On D-Day itself, von Roenne insisted that “another landing would come in the Fifteenth Army area and no troops would be withdrawn from there.” Rommel agreed, arguing that the forces in the north should not be weakened. Nonetheless, the Fifteenth Army reserves were mobilized and on June 9, the mighty First Panzer Division, 25,000 strong, was ordered to head south from the Pas de Calais to join the counterattack against the Allied bridgehead. But then came Garbo’s explicit warning that the Normandy invasion was a ruse specifically designed to draw off troops from Calais before the main assault. The order to the First Panzers was countermanded. The division would remain in place for another crucial week. Several factors were at work in that decision, but Field Marshal Keitel later stated he was “ninety-nine per cent certain” that the warning from Garbo “provided the reason for the change of plan.”

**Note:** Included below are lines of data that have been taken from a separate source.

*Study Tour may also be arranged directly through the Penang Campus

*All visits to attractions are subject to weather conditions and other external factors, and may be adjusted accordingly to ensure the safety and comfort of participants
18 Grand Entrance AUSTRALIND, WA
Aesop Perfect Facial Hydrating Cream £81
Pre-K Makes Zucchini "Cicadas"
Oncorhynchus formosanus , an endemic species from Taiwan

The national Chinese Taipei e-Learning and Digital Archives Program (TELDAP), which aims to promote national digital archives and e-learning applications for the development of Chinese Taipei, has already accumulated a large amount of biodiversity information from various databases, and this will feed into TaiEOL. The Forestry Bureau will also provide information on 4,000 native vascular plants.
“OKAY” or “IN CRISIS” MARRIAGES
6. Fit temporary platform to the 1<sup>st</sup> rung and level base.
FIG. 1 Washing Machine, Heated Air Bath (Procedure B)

A week after D-Day, only one German division had moved from the Pas de Calais to Normandy. German belief in the phantom army was unshakable. On June 23, Oshima reported to Tokyo that “twenty-three divisions commanded by General Patton are being held in readiness to make new landings. This is one reason why Germany has avoided p
ouring a great number of men into the Normandy area.” Physical proof of success came when the British forces in Italy captured a map, drawn up by German intelligence on June 15, that showed exactly where the enemy believed the second Allied army was waiting in southeastern England to cross the Channel. “It was almost identical with Plan Fortitude,” wrote Liddell.

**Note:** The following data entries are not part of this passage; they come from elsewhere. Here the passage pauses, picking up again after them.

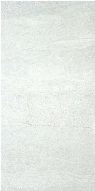
30 x 60 cm (12 x 24) OL.ES.BIA.1224.MT
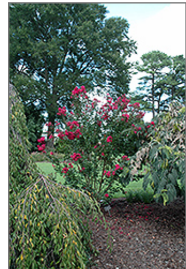
Pink Velour Crapemyrtle in bloom
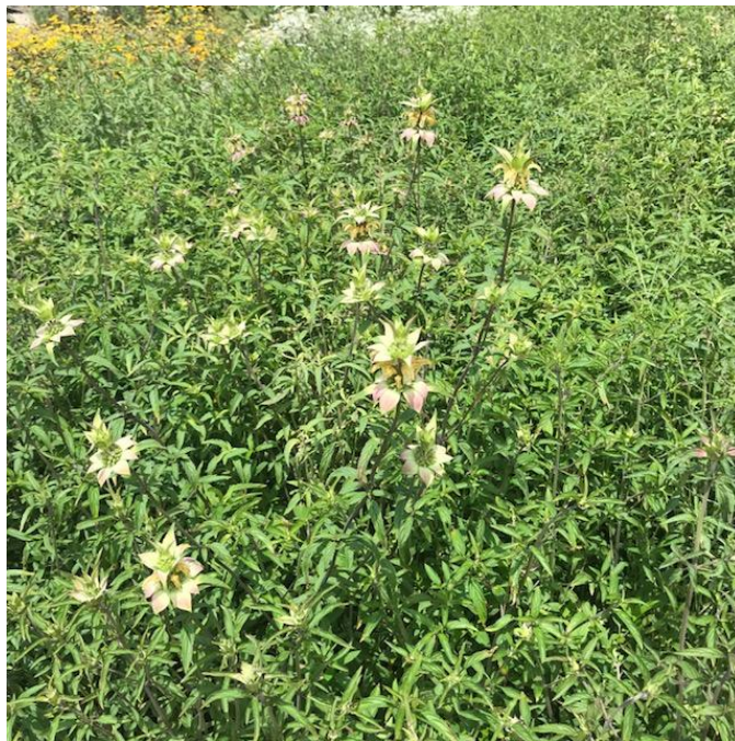
Monarda punctata (Dotted horsemint) may not be as showy as some of our other perennials, but it is still loved by a huge assortment of pollinating insects. 200 – 1g available @ $2.35
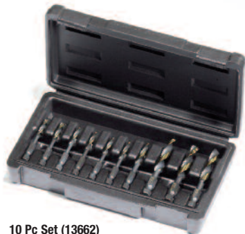
10 Pc Set (13662) Includes 6-32, 8-32, 10-24, 10-32, 12-24, 1/4-20, 5/16-18, 3/8-16, 7/16-14, 1/2-13
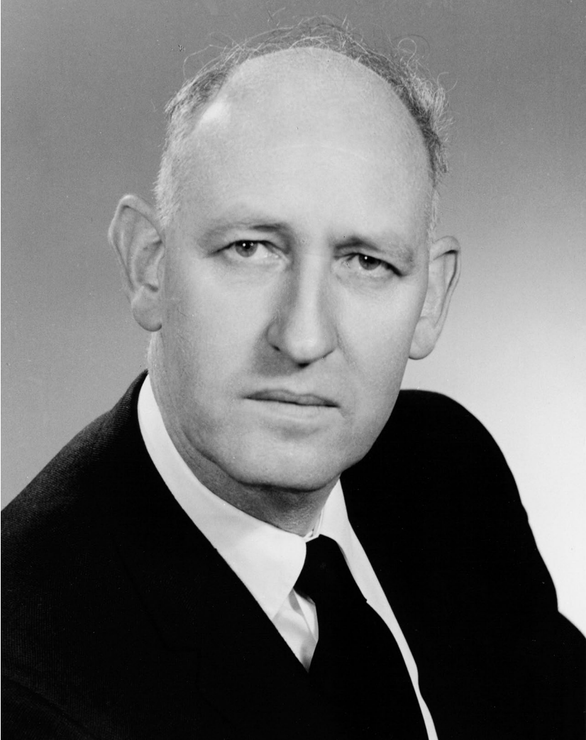
Sir James Plimsoll, Australian Ambassador to the United States from 1970 to 1973, pictured in 1965
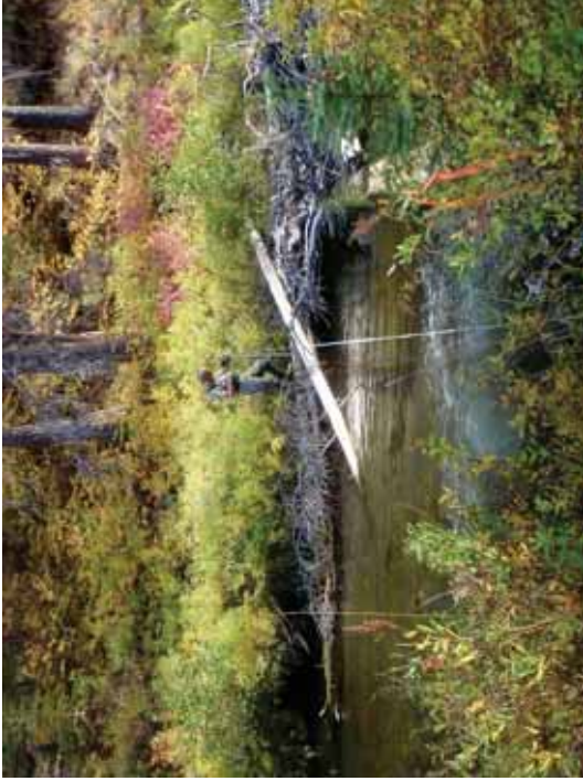
Figure 134. SR A2: Transect 2 Pool – From right bank looking to left bank.
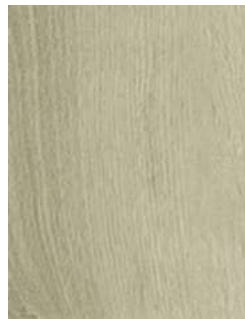
710 Frosted Oak
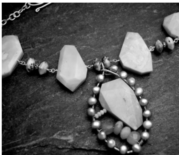
"Blush," sterling, Peruvian opal and yellow turquoise necklace by Dee Antil, Fredericksburg, VA

Anticipated return shipping: Monday, April 2

A month after D-Day, no fewer than twenty-two German divisions were still held back in the Fifteenth Army sector. “Patton’s army group,” Jodl reported, “is being made ready in London and in southern England for the next landing.” The ever-helpful Oshima confirmed that the Germans still expected that “Patton’s forces will land in the neighbourhood of Dieppe.” Hitler had “reposed an almost mystic confidence in Garbo,” MI5 later concluded, and even in late July he “still could not rid his mind of the belief that a second landing was intended.” But von Roenne was now starting to have doubts, or pretending to. After warning for weeks that another, even larger attack was coming, he began to hedge his bets, suggesting that FUSAG “has not been given the decisive role” after all. Perhaps, like all experts, he was just adopting new certainties as events unfolded. But perhaps von Roenne had never been fooled by the chimera of Patton’s army, which he had done so much to reinforce. By July 27, he was singing a new tune: “A second major landing on the Channel Coast no longer seems to be so probable in view of the situation in Normandy.” Seven weeks after the first landings, four divisions were finally released from the Fifteenth Army to head south, far too late. As Eisenhower put it, “Every additional soldier who then came into the Normandy area was then caught up in the catastrophe of defeat.” The bridgehead, so vulnerable in the first days and weeks, was firmly established. The war was not won, but the end was in sight.